Bei der körperlichen Untersuchung führt der Kinderarzt unter anderem eine Ohrenspiegelung durch, um das Trommelfell von außen zu beurteilen. Gemeinsam lässt sich dann besprechen, welche Form der Behandlung angebracht ist. Die schnelle Linderung der Ohrenschmerzen steht dabei im Mittelpunkt. Bessern sich die Beschwerden trotz Behandlung nicht oder treten Probleme wie Hörstörungen auf, ist ein erneuter Arztbesuch ratsam.

Bei Fieber können Wadenwickel helfen. Dabei sollten Eltern jedoch darauf achten, dass die in Wasser getränkten und ausgewrungenen Wickel nur etwas kühler als die Körpertemperatur sind. Die Wickel kann man bis zu drei Mal erneuern, das Kind sollte dabei zugedeckt bleiben.

Wann mit Ohrenschmerzen zum Arzt gehen?

Abgesehen von der Empfehlung, wann man mit einem Kind mit Ohrenschmerzen zum Arzt gehen sollte gibt es auch eindeutige Empfehlungen für den Einsatz von Antibiotika bei einer Mittelohrentzündung. Der kommt in Frage bei Säuglingen unter sechs Monaten, bei eitrigem Ausfluss aus dem Ohr oder einer Entzündung beider Ohren bei Kindern unter zwei Jahren.

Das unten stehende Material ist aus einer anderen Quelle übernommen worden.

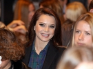 "О Боже, всего так много. Спасибо, Украина. Игрушки я обязательно заберу домой", - говорит со сцены и просит "айфон" у одного из гостей. Фотографирует себя с цветами и отдает назад. Зал взрывается бурными аплодисментами.

Durch den häufigen Gebrauch von Antibiotika lässt ihre Wirksamkeit nach, da die Bakterien Resistenzen bilden. Sind Antibiotika verordnet, sollten sie für den vom Arzt vorgesehenen Zeitraum eingenommen werden. Manchmal verbleibt nach einer akuten Mittelohrentzündung Flüssigkeit im Mittelohr, ein sogenannter Paukenerguss entsteht. Er kann zu Hörstörungen und einer verzögerten Sprachentwicklung führen. Komplikationen wie diese sind zwar selten, dennoch sollten Eltern das Hörvermögen ihrer Kinder nach der Erkrankung beobachten.